0

I'm using Google AIY Voice Kit (v2) with Raspberry Pi Zero to build a voice-control robot. It's working great! But I have an elementary question. While the robot is processing user speech (and deciding how to respond) I want to play a short sound file to indicate the robot is "thinking." The sound file is currently playing too loud. How to set the playback volume of a soundfile in python?

Here's a snippet of code:

aiy.voice.audio.play_wav_async("think.wav")

This plays successfully, but I can't figure out how to set the volume the way I can set volume in the text to speech function aiy.voice.tts.say(sentence, lang='en-GB', volume=10, pitch=120, speed=90, device='default')

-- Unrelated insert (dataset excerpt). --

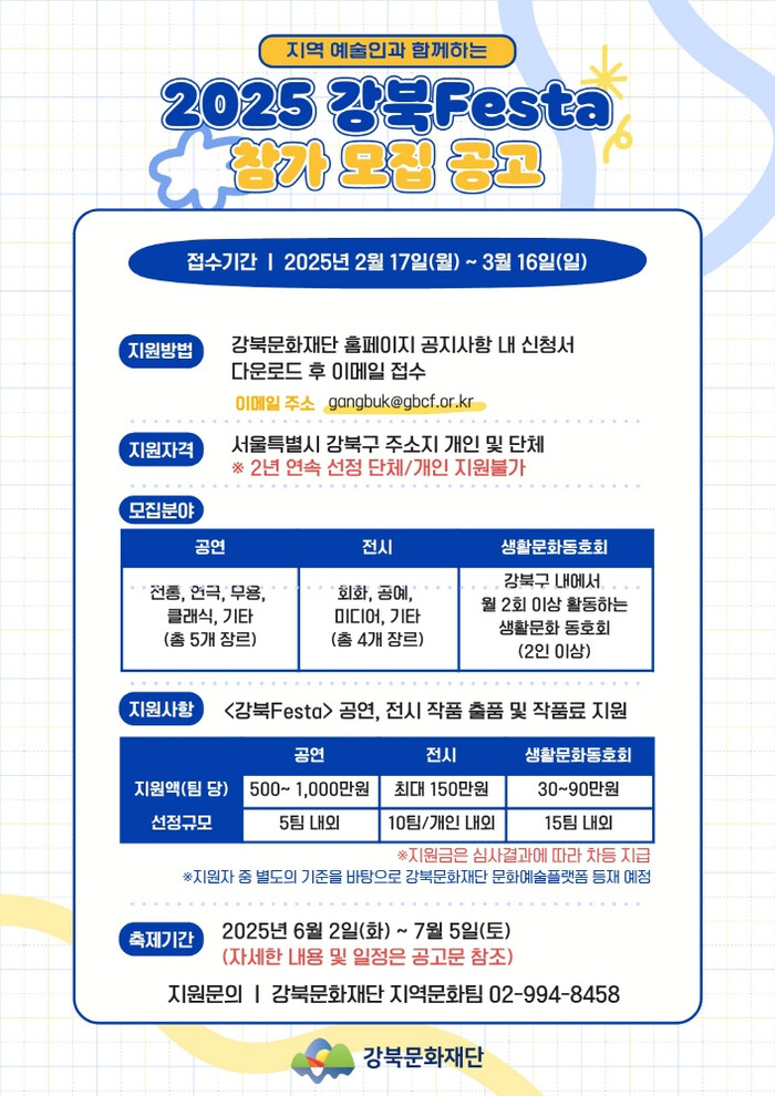 [시민일보 = 문민호 기자] 서울 강북문화재단(대표이사 서강석)은 지역내 지역예술인과 함께하는 ‘2025 강북Festa’ 참여자를 오는 16일까지 모집한다.

Many thanks for any suggestions!

  • Please feel free to comment on my answer and let me know if I was not able to answer your question. If I was, then please let me know by accepting my answer -- although in this case, I would almost recommend against that at least for the time being as someone else may have a much simpler answer. – Cfomodz Jun 30 '21 at 18:47

1 Answers1

0

So this is a very hacky way to look at this problem, but after reading the AIY documentation and seeing that it is straight-up reading the bytes of the file pointer with no option to set volume [or anything else] I think hacks might be the best route.

Let's take your input file, modify it, then save it back as a tmp file to be read into AIY.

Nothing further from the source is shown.